A maior parte dos seres humanos são ambiciosos, e a sua representação nos governos tendem a ser assim também. Ao juntar a ambição com o poder bélico temos todas as guerras que ocorrem no mundo. O ambicioso armado e ciente de que não sofrerá represálias se atacar um vizinho mais fraco, não pensará muito em faze-lo ao perceber que pode obter a riqueza acumulada pelo contemporâneo de existência. Tome como exemplo a sua cidade, se a máquina pública que mantem a ordem sair, será vizinho contra vizinho, rua contra rua, bairro contra bairro. É a tendência humana. É da natureza, muita vezes ser mais fácil tomar a caça de outro.

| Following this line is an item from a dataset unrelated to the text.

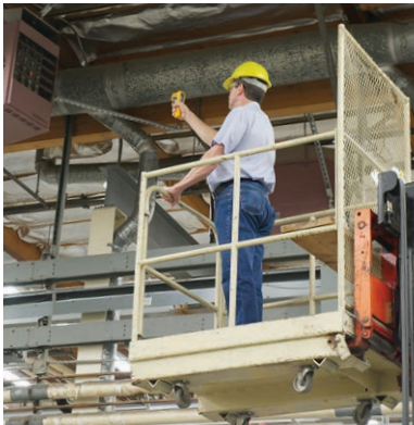
Identifying the temperature of ceiling-mount equipment.

A large amount of HVAC equipment is mounted above the floor in hard to reach areas, which can cause a safety hazard. You can use the Fluke 62 MAX+ IR Thermometer to easily check the temperature without exposing yourself to any safety issues.

A amenização dos conflitos é lenta e tortuosa, pois quando uma briga começa é difícil conter porque ninguém quer ficar no prejuízo do sentimento da derrota. Somente um grande conciliador poderá realizar uma mediação que satisfaça ambos os lados, e sabemos que existiram poucos homens com essa capacidade na história humana. A ONU poderia fazer esse papel, mas ela serve aos interesses de um determinado grupos de países, e toda mediação que faz tem em vista satisfazer as ambições destes.

Creio que não haja fim para a guerra, e só não estamos vendo muitas mais porque diversos países obtiveram o manuseio de armas nucleares, o que, por enquanto, intimida os possíveis oponentes ambiciosos. Creio ainda na educação, de qualidade, e na boa religiosidade. O ser humano tem que domar sua ambição a ponto de não extrapolar os limites de uma vida sadia em sociedade. A atual civilização alcançou um patamar de riqueza que torna perfeitamente possível todos os seres humanos viverem de forma aceitável, mas isso só será possível quando o desejo de ter sempre mais deixar de ser motivo de admiração e passar a ser de reprovação. Quando não vermos mais as metas a serem cumpridas crescerem, é porque finalmente chegamos ao equilíbrio existencial na terra. E ninguém mais terá o desejo ou a obrigação de agredir o próximo para atingi-las.